WORK ITEM:
What this exercise needs is every entry restated as written, with no pictures.
---------- GIVEN ENTRIES
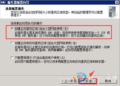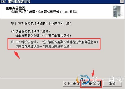 第四步:创建查找区域时,主要看我们的企业类型大小,一般小企业选择第一种就可以了。因为我们是在服务器上的DNS服务器所以选择主服务器位置要选择ISP维护区域组。
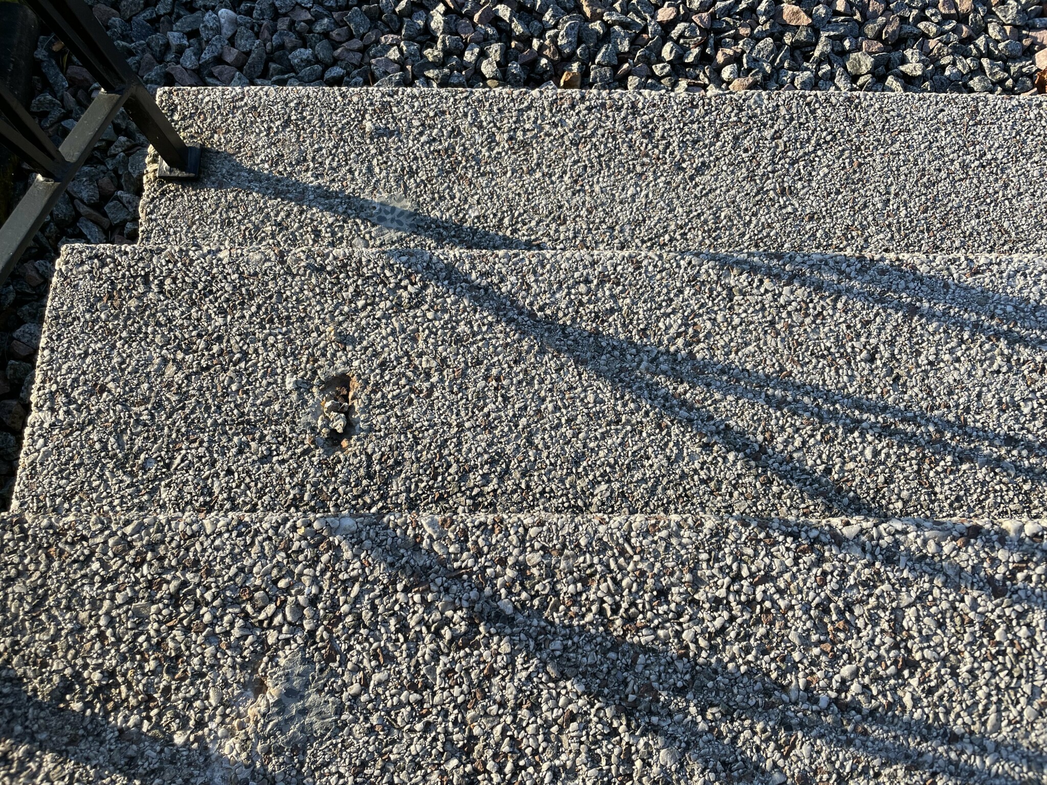 Huset från 1968 har en gjuten trapp till entrén med sten som dekor i ytskiktet. Skador har uppkommit vid armeringen med åren. Hoppas bilderna förklarar. Hur ska jag gå till väga för att snygga till den?
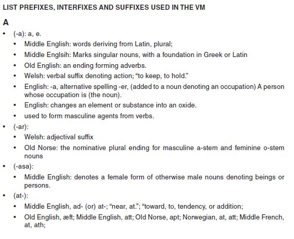 Follow the rules by the letter. If the prefix is Middle English the suffix will be Middle English; if the prefix is Scots/Welsh/Irish the suffix is Welsh. Borrowed words from French, Norwegian, or Dutch would have Middle English suffixes. The exact location of who used the manuscript is vital to weeding out double etymology choices. The language in the VM in based in Galwegian, spoken by The Stuarts, McLellan Clan and House Lancaster. They all spoke Middle English, Norman, Galwegian, Welsh, and Latin, amongst other languages. The McLellan clan historically are known by being Nordic Lords/Templars and eventually Barons of Scotland and Tudors.
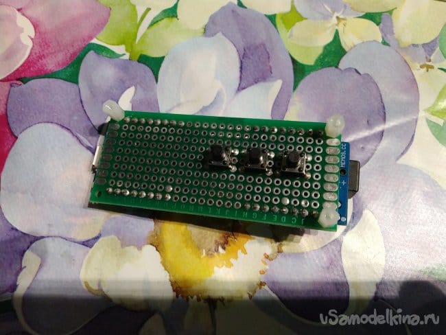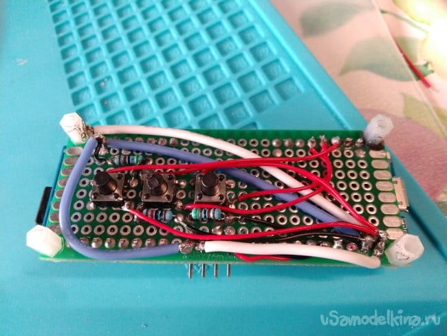 В итоге лицевая сторона платы с кнопками, резисторами и проводами выглядит следующим образом:
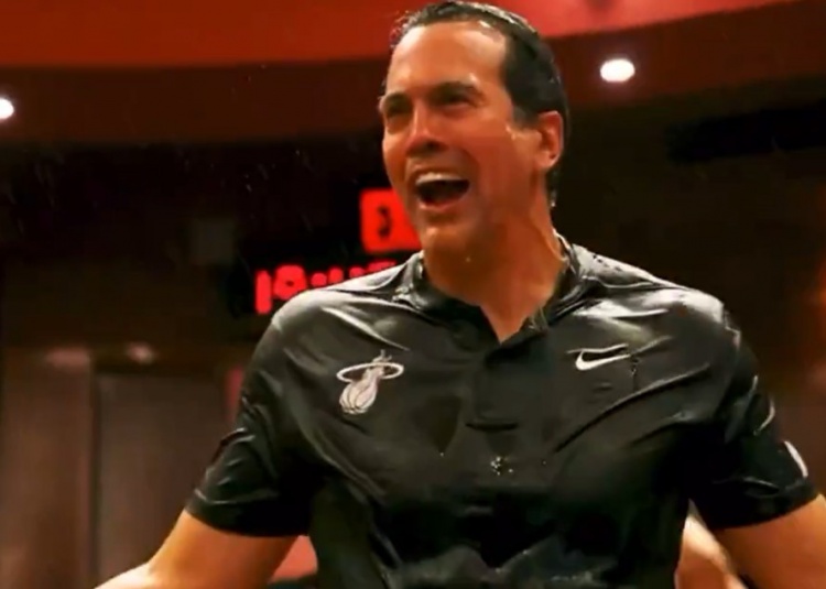 11月27日讯 NBA杯小组赛,热火主场106-103战胜雄鹿。这是热火主教练斯波生涯的第800场胜利,他是历史上第17位达成800胜的主教练。值得一提的是,斯波本人一开始并没有意识到,他在回到更衣室后被队员疯狂浇水庆祝,还问道:“这是为啥?”队员们表示这是为了庆祝他执教生涯800胜。GIF-斯波被浇水庆祝
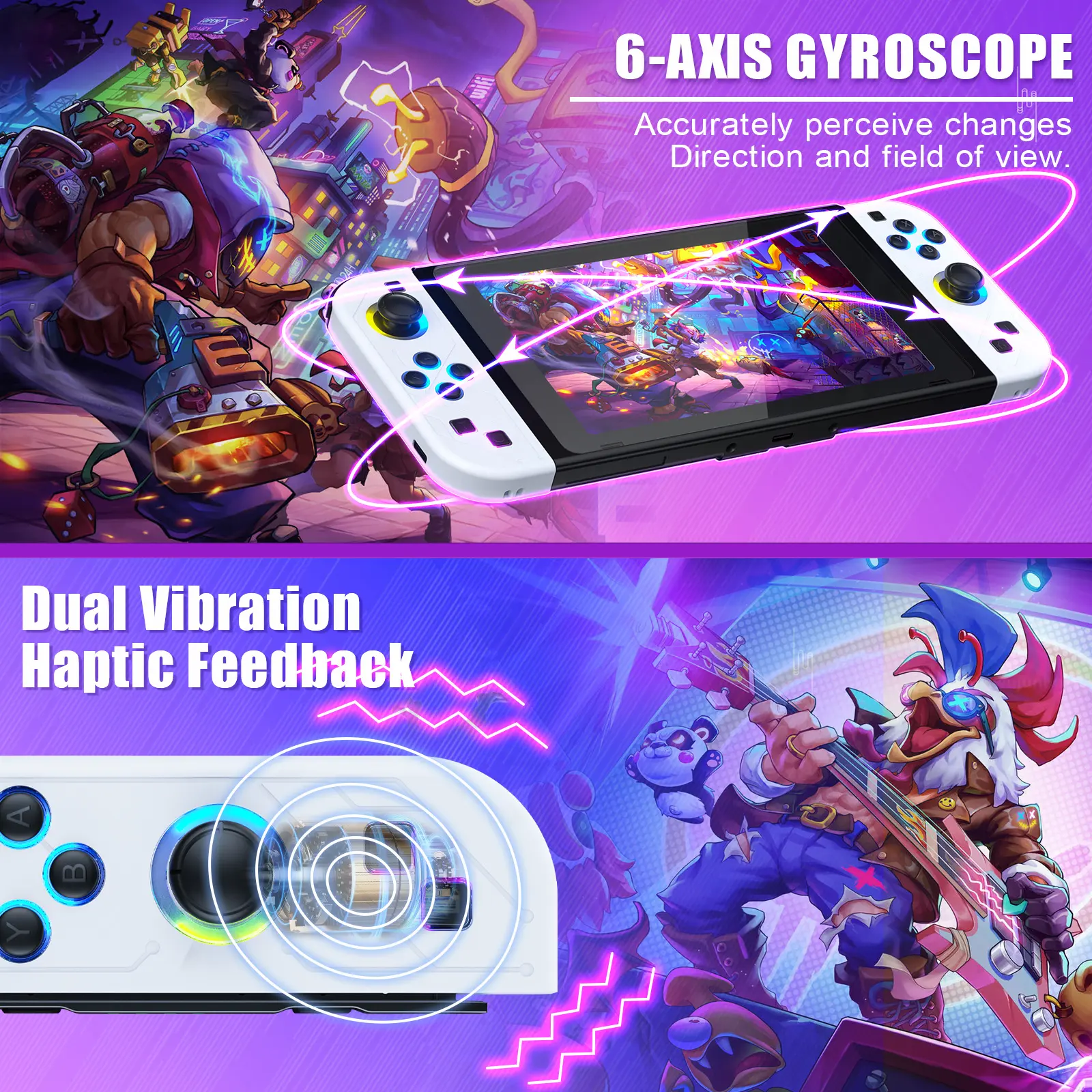 【6-Axis Sensor and Vibration Feedback】-The 6-axis sensor can accurately detect motion information, making the operation of somatosensory games more precise, and the dual vibration motors provide immersive game vibration feedback.
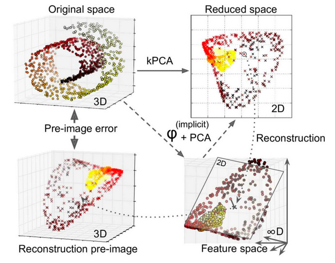 rbf_pca = KernelPCA(n_components = 2, kernel="rbf", gamma=0.0433,fit_inverse_transform=True)X_reduced = rbf_pca.fit_transform(X)X_preimage = rbf_pca.inverse_transform(X_reduced)
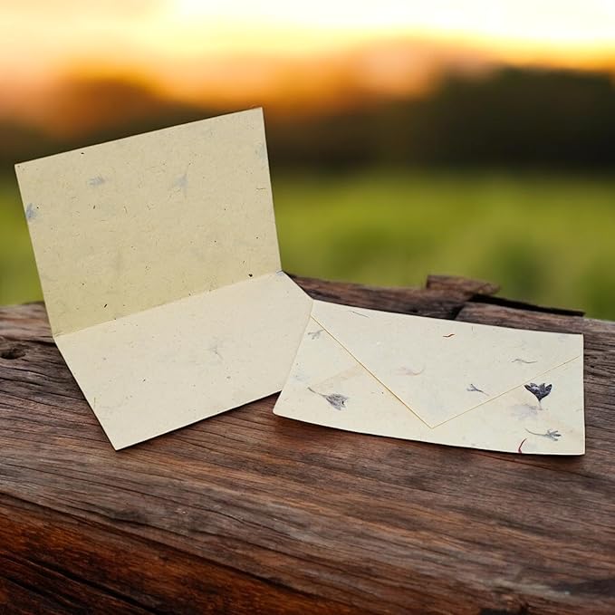 - HANDMADE DELUXE 25-CARD SET: 4x6 inch all-occasion cards (twenty-five total) with accompanying envelopes made following a 1,000-year-old paper-making process in Nepal and integrating real Cornflower petals.
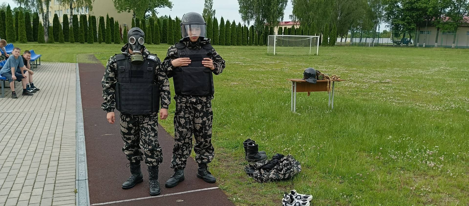 На военной службе, а тем более во время боевых действий, от физической подготовки часто зависит жизнь. Хорошая физическая подготовка и сильное выносливое тело – залог успеха и шанс выжить в сложных условиях. Сегодня ребята попробовали себя в качестве военнослужащих: одевали форму, держали оружие, бегали на короткие дистанции в противогазе, одетые в бронежилет и каски.
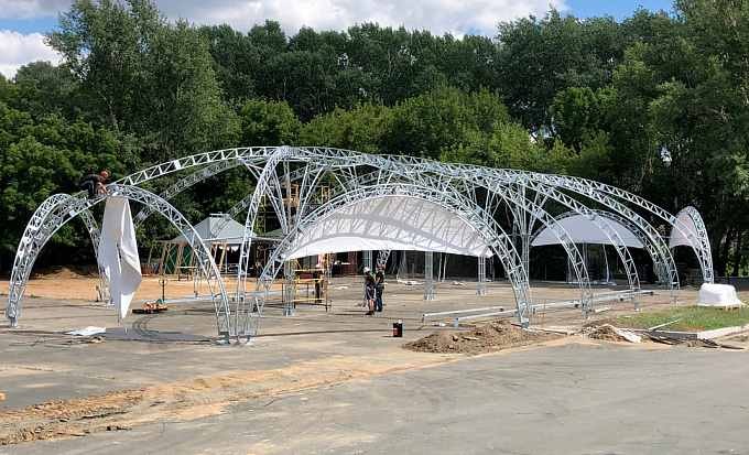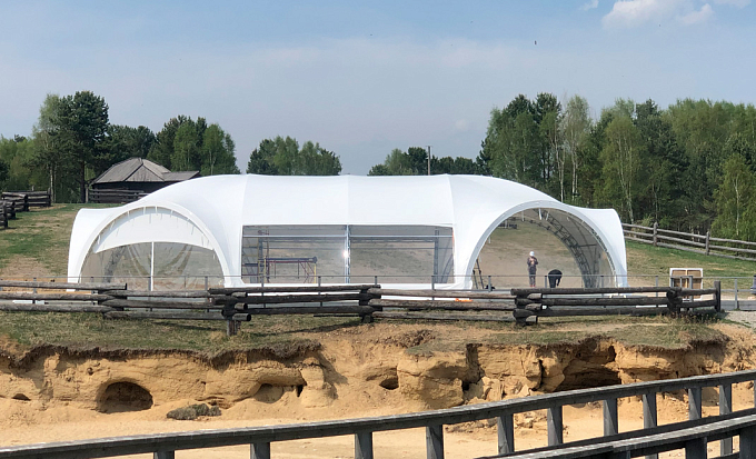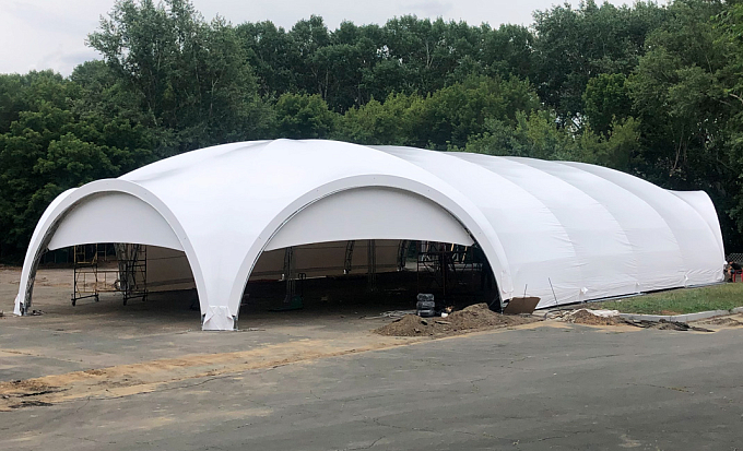 Большой гексагональный арочный шатёр на основе каркаса из стали с защитой от коррозии методом горячего цинкования. В качестве покрытия используется армированный тент ПВХ высокой плотности с защитой от УФ-излучения и двухсторонней пропиткой от гнили и плесени. Возможно изготовление уникальной арочной конструкции на заказ. Являемся производителем каркасно-тентовых конструкции с собственным инженерным отделом, монтажными бригадами и производством полного цикла. Предлагаем большое количество различный опций, которые позволят максимально кастомизировать шатёр под нужны вашего мероприятия. Оказываем услуги по аренде шатров с выполнением всех работ «под ключ», таких как: доставка, монтаж/демонтаж, вывоз конструкции, брендирование и прочие услуги.
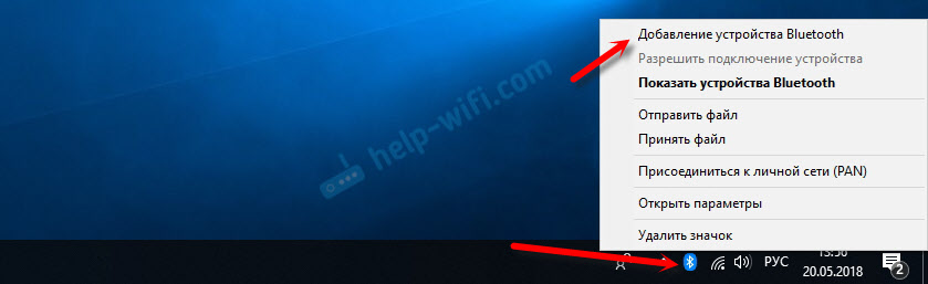 А чтобы подключить наушники, геймпад, мышку, клавиатуру, или другое Bluetooth-устройство к компьютеру, зайдите в "Параметры" в раздел "Устройства". Или нажав на иконку в трее и выберите "Добавление устройства Bluetooth".
--------------------
ANSWER SPACE:
 第四步:创建查找区域时,主要看我们的企业类型大小,一般小企业选择第一种就可以了。因为我们是在服务器上的DNS服务器所以选择主服务器位置要选择ISP维护区域组。
 Huset från 1968 har en gjuten trapp till entrén med sten som dekor i ytskiktet. Skador har uppkommit vid armeringen med åren. Hoppas bilderna förklarar. Hur ska jag gå till väga för att snygga till den?
 Follow the rules by the letter. If the prefix is Middle English the suffix will be Middle English; if the prefix is Scots/Welsh/Irish the suffix is Welsh. Borrowed words from French, Norwegian, or Dutch would have Middle English suffixes. The exact location of who used the manuscript is vital to weeding out double etymology choices. The language in the VM in based in Galwegian, spoken by The Stuarts, McLellan Clan and House Lancaster. They all spoke Middle English, Norman, Galwegian, Welsh, and Latin, amongst other languages. The McLellan clan historically are known by being Nordic Lords/Templars and eventually Barons of Scotland and Tudors.
 В итоге лицевая сторона платы с кнопками, резисторами и проводами выглядит следующим образом:
 11月27日讯 NBA杯小组赛,热火主场106-103战胜雄鹿。这是热火主教练斯波生涯的第800场胜利,他是历史上第17位达成800胜的主教练。值得一提的是,斯波本人一开始并没有意识到,他在回到更衣室后被队员疯狂浇水庆祝,还问道:“这是为啥?”队员们表示这是为了庆祝他执教生涯800胜。GIF-斯波被浇水庆祝
 【6-Axis Sensor and Vibration Feedback】-The 6-axis sensor can accurately detect motion information, making the operation of somatosensory games more precise, and the dual vibration motors provide immersive game vibration feedback.
 rbf_pca = KernelPCA(n_components = 2, kernel="rbf", gamma=0.0433,fit_inverse_transform=True)X_reduced = rbf_pca.fit_transform(X)X_preimage = rbf_pca.inverse_transform(X_reduced)
 - HANDMADE DELUXE 25-CARD SET: 4x6 inch all-occasion cards (twenty-five total) with accompanying envelopes made following a 1,000-year-old paper-making process in Nepal and integrating real Cornflower petals.
 На военной службе, а тем более во время боевых действий, от физической подготовки часто зависит жизнь. Хорошая физическая подготовка и сильное выносливое тело – залог успеха и шанс выжить в сложных условиях. Сегодня ребята попробовали себя в качестве военнослужащих: одевали форму, держали оружие, бегали на короткие дистанции в противогазе, одетые в бронежилет и каски.
 Большой гексагональный арочный шатёр на основе каркаса из стали с защитой от коррозии методом горячего цинкования. В качестве покрытия используется армированный тент ПВХ высокой плотности с защитой от УФ-излучения и двухсторонней пропиткой от гнили и плесени. Возможно изготовление уникальной арочной конструкции на заказ. Являемся производителем каркасно-тентовых конструкции с собственным инженерным отделом, монтажными бригадами и производством полного цикла. Предлагаем большое количество различный опций, которые позволят максимально кастомизировать шатёр под нужны вашего мероприятия. Оказываем услуги по аренде шатров с выполнением всех работ «под ключ», таких как: доставка, монтаж/демонтаж, вывоз конструкции, брендирование и прочие услуги.
 А чтобы подключить наушники, геймпад, мышку, клавиатуру, или другое Bluetooth-устройство к компьютеру, зайдите в "Параметры" в раздел "Устройства". Или нажав на иконку в трее и выберите "Добавление устройства Bluetooth".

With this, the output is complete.